Deshalb ist jetzt die frage, ob sich der Umstieg schon lohnt. Noch vor einigen Wochen haben die Brenner noch 700-1000€ gekostet. Aber die Preise sind zum Glück gefallen. So wäre ich mit einem Lese Laufwerk für unter hundert Euro dabei, der Brenner für rund das doppelte. Die Medien bekommt man für etwa 6€ das Stück.
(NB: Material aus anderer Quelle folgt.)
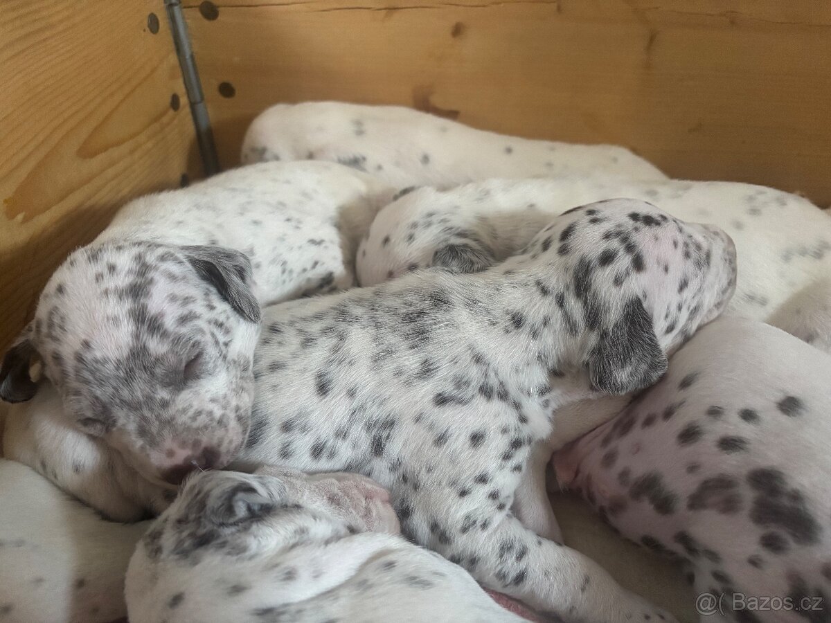 Cena: Dohodou. Nabízím k rezervaci štěňátka dalmatina, narozená 7.2.2026. Štěňátka jsou hnědě puntikate, po hnědých rodičích. K odběru začátkem dubna. K dispozici 1 holka a 4 kluci. Do nových domovů půjdou očkovaní, čipovaní a odčervení.
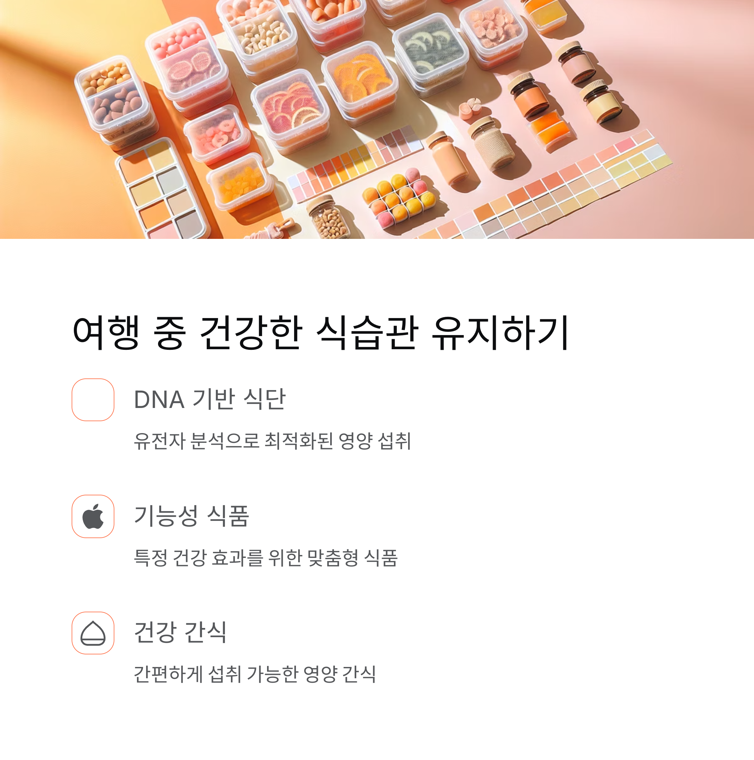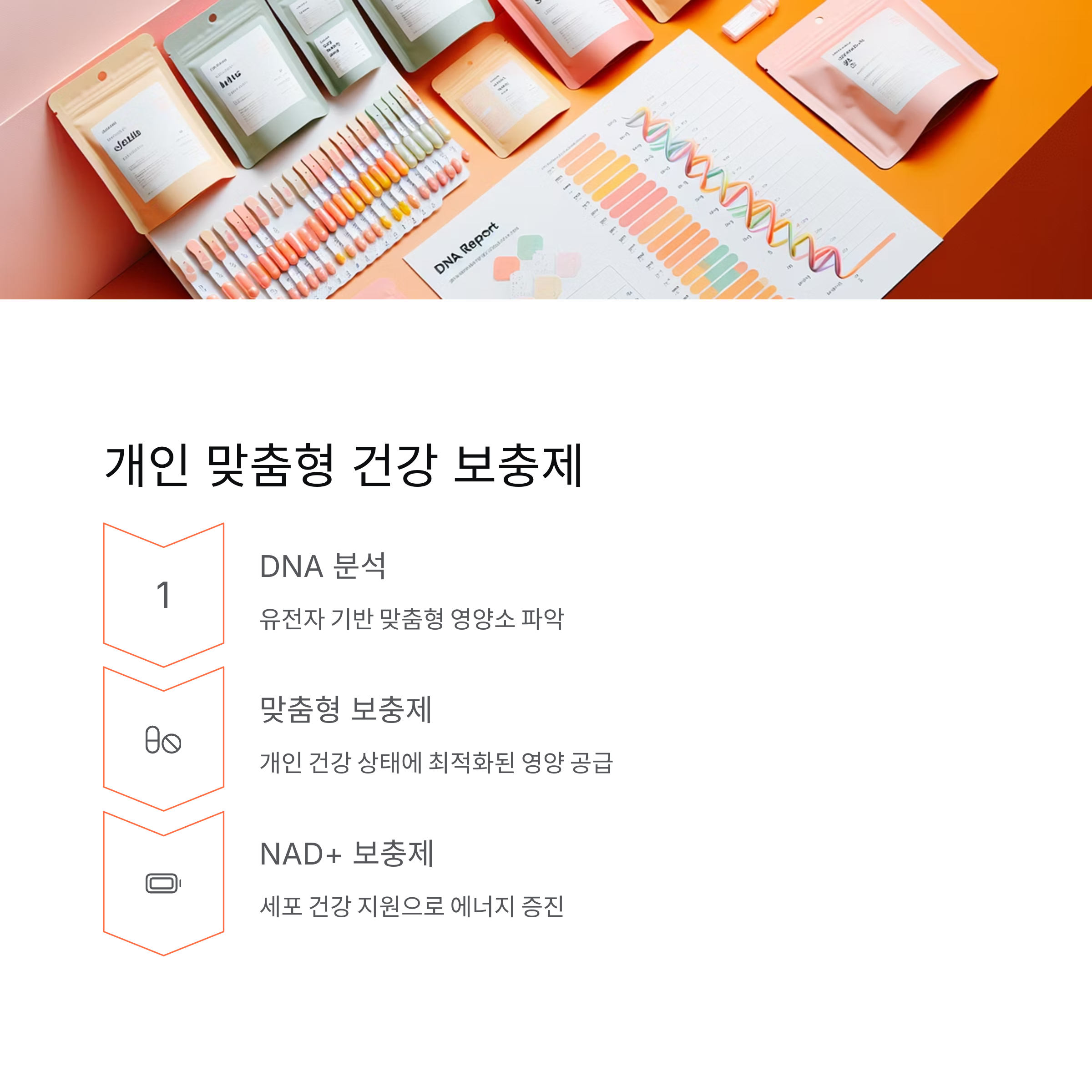 DNA 분석 기반 식단 추천 서비스나 건강 상태에 맞춘 비타민, 미네랄 보충제를 준비하면, 면역력과 체력을 유지할 수 있습니다.
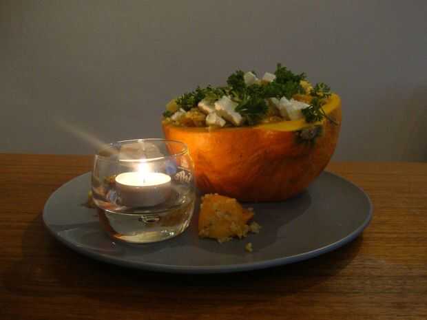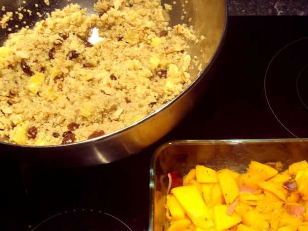 Comience agregando la naranja, pasas y almendras tostadas y semillas de sésamo a la quinua. A continuación, tomar las piezas de la calabaza del horno y añadir a la mezcla de quinoa. Personalmente como el aceite de oliva con sabor que queda en la parte inferior de la bandeja y añadir que así. Esto hace que el plato un poco menos sano, pero le da mucho más gusto. Mezcle suavemente y sirva en el recipiente de calabaza.
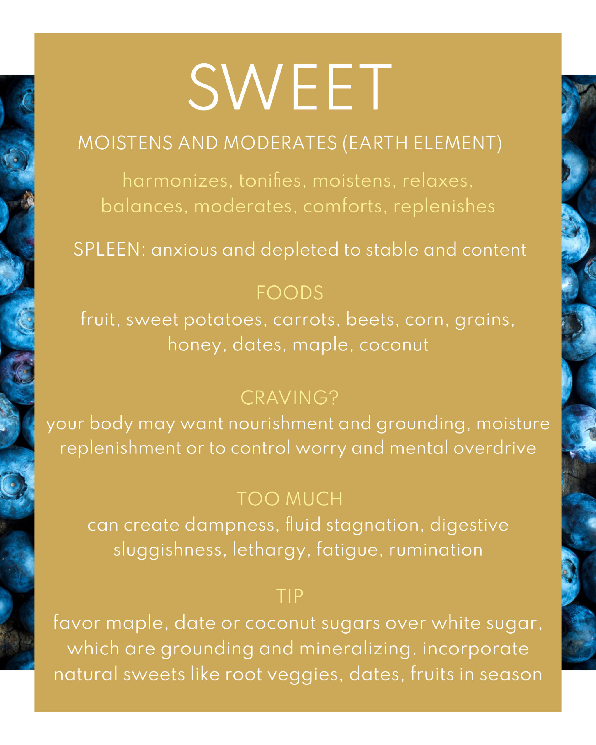 From a Chinese medicine perspective, our digestive center, mainly belonging to the Earth element, first and foremost thrives in a safe inner container of ease, nourishment and enjoyment. Listen to your belly. Let food bring you warmth, nurturance and joy rather than guilt, rigidity or suppression of your needs.
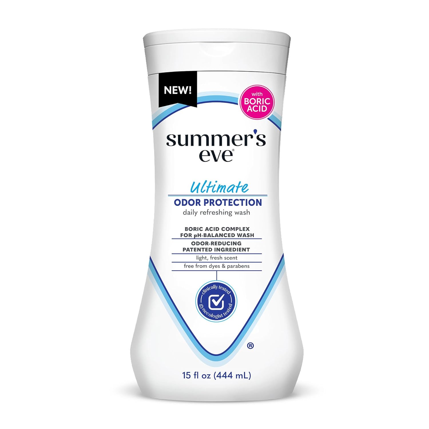 Summer’s Eve Ultimate Odor Protection Daily Feminine Wash, pH-Balanced Formula Body Wash for Women with Boric Acid Helps Control Vaginal Odor, 15 Fl Oz
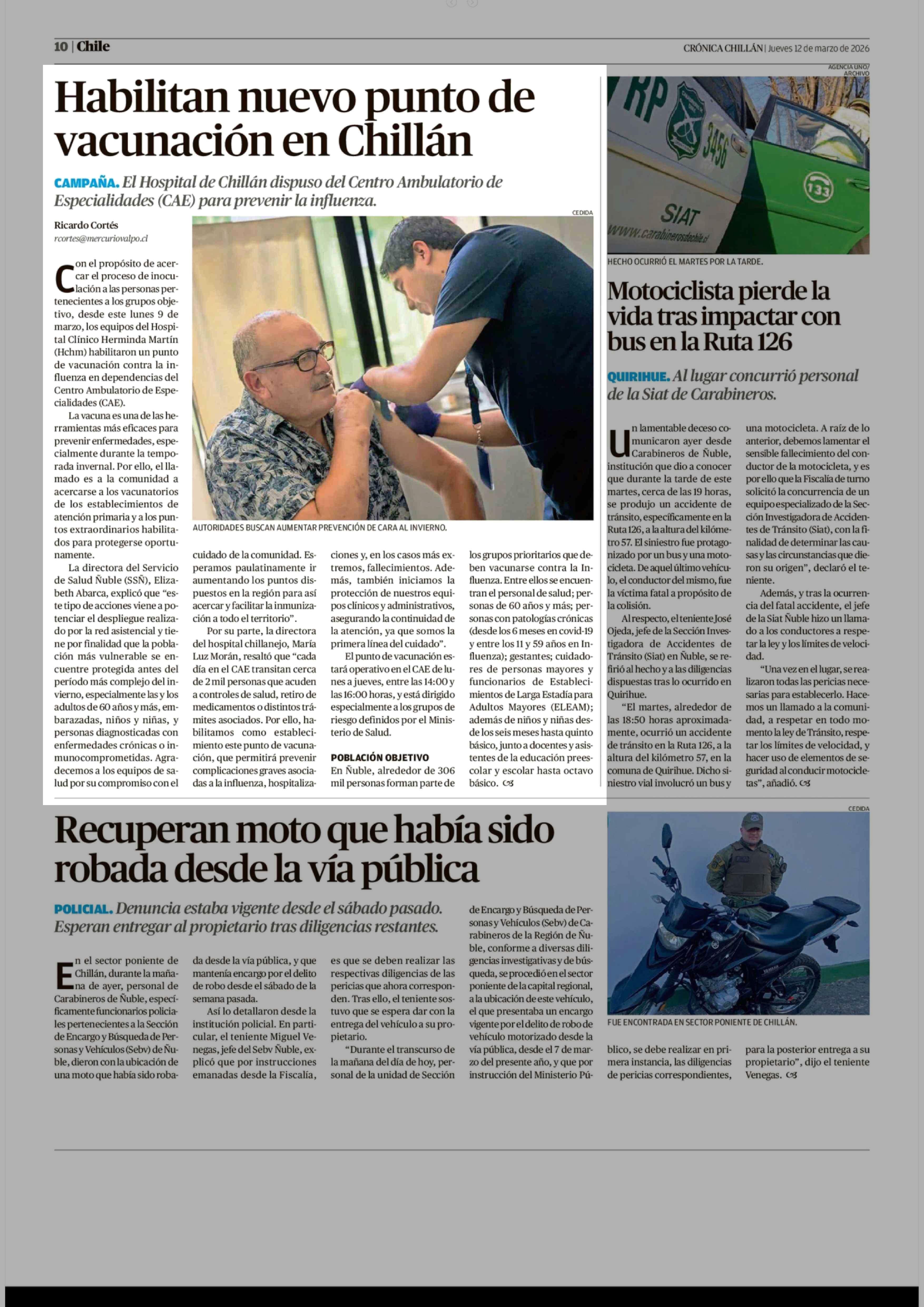 Fecha: 12-03-2026 Sector: Noticia general Región: Región del Ñuble
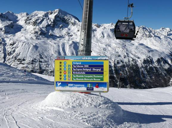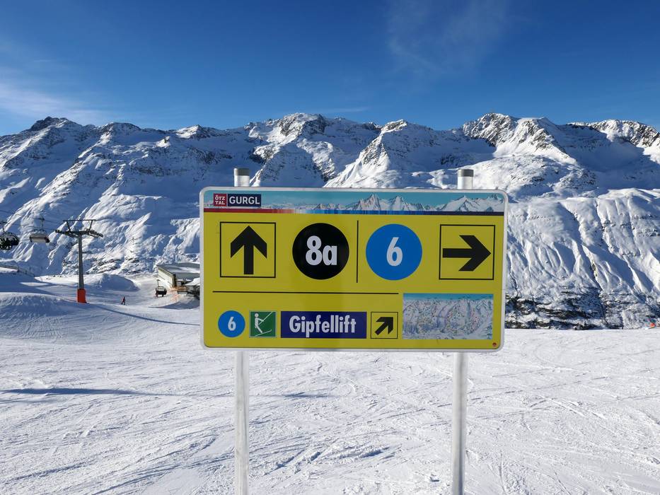Indications de directions (plans, panneaux informatifs, signalisation) et sécurité sur le domaine skiable Gurgl – Obergurgl-Hochgurgl

PS: Ich kann mich an die guten alten Zeiten noch erinnern. Mein erster CD Brenner hat damals 800DM gekostet und jedes Medium 15DM. Mein erster DVD Brenner 300€ und die DVDs 15€ das Stück. Da tat es schon richtig weh, wenn man etwas verbrannt hat.


----------



## darkframe (25. November 2008)

Hi,

die Wiedergabe von kopiergeschützten Blu-Rays auf einem angeschlossenen LCD (egal ob TV oder Computermonitor) funktioniert nur dann in voller Auflösung, wenn die Signalübertragung über HDMI läuft und die Schnittstelle den HDCP Kopierschutz unterstützt (bei entsprechender Unterstützung geht's auch mit DVI to HDMI Konvertern). Ist kein HDCP integriert, es genügt, wenn nur eines der Geräte den entsprechenden Chip nicht hat, geht meist gar nichts, manchmal aber noch eine auf PAL herunterskalierte Wiedergabe. Zu dem Thema ist auch hier was zu finden.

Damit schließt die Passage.